Serra fez forfait e Dilma enviou Michel Temer. Marina e Plínio compareceram. A sessão foi presidida por Reis Veloso, ministro do Planejamento de Médici e Geisel e um dos responsáveis pelo milagre brasileiro nos anos 70.

Quando eu era adolescente, qualquer homem público ligado aos militares era visto como a encarnação viva do Lobo Mau. Hoje, é curioso perceber que a agenda econômica da ditadura não se afasta muito da dos candidatos de esquerda que disputam a Presidência.

Veloso fez uma impecável explanação histórica do nosso atraso. Comparou o PIB, a taxa de crescimento, tocou na tragédia inflacionária e desfiou todo o rosário de números que paira acima das convicções partidárias para apresentar o inteligentíssimo documento de propostas do fórum.

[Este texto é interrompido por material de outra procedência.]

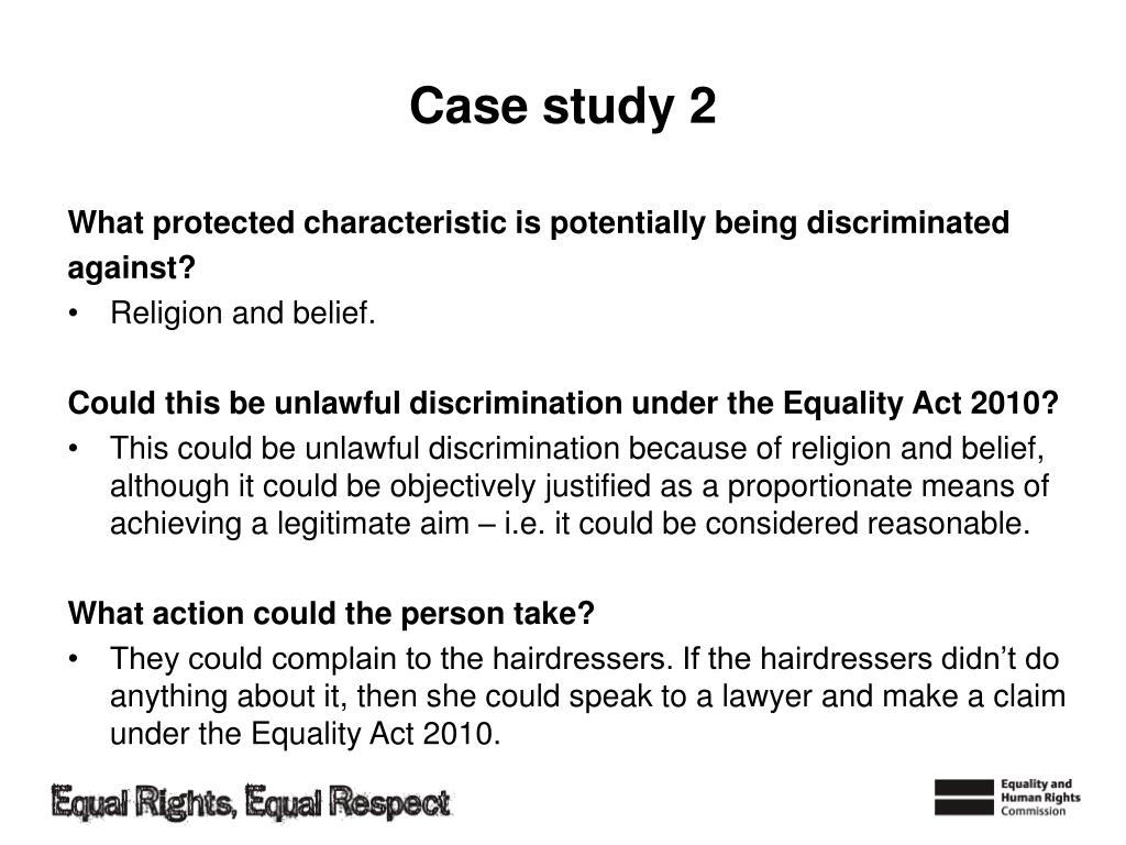 Case study 2 What protected characteristic is potentially being discriminated against? • Religion and belief. Could this be unlawful discrimination under the Equality Act 2010? • This could be unlawful discrimination because of religion and belief, although it could be objectively justified as a proportionate means of achieving a legitimate aim – i.e. it could be considered reasonable. What action could the person take? • They could complain to the hairdressers. If the hairdressers didn’t do anything about it, then she could speak to a lawyer and make a claim under the Equality Act 2010.

Quarenta anos depois da revolução de 64, a ideologia não norteia mais nossas decisões. A economia tomou seu lugar. A economia e os interesses eleitorais.

Graças ao voto obrigatório e ao crescimento da população, a eleição se transformou em um fenômeno de massa, midiático, que age em favor próprio.

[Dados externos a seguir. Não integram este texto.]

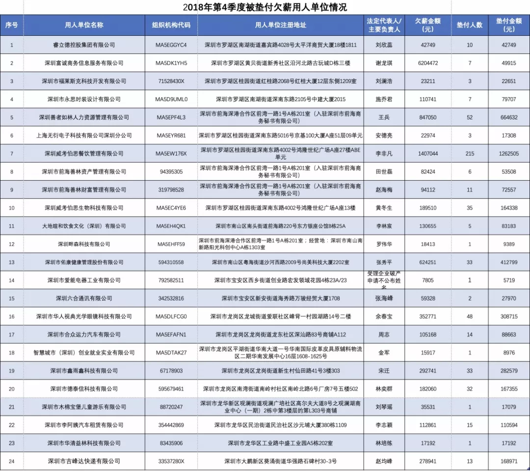 一企業(yè)欠薪高達(dá)140多萬(wàn)!深圳曝光第4季度24家被墊付欠薪企業(yè)

A corrida eleitoral fomenta os caixas dois, os bilhões gastos em propaganda, os conluios imperdoáveis e a retórica para boi dormir dirigida a currais de eleitores com nível zero de educação.

A democracia não funciona. O problema é que não encontraram um sistema melhor; as opções são terríveis.

Depois de Veloso, Marina Silva abriu seu discurso agradecendo a Deus.

Uma senhorinha paulistana confessou ao padre engajado que vai votar em Marina porque, para Dilma, Lula é Deus, para Serra, São Paulo é Deus, e para Marina, Deus é Deus mesmo.

Já o filho adolescente de um amigo meu se revoltou ao saber que o pai votaria na ex-ministra. "Mas ela é criacionista!", disse o menino. Ao que o pai respondeu: "Mas os outros são se-criacionistas, meu filho!"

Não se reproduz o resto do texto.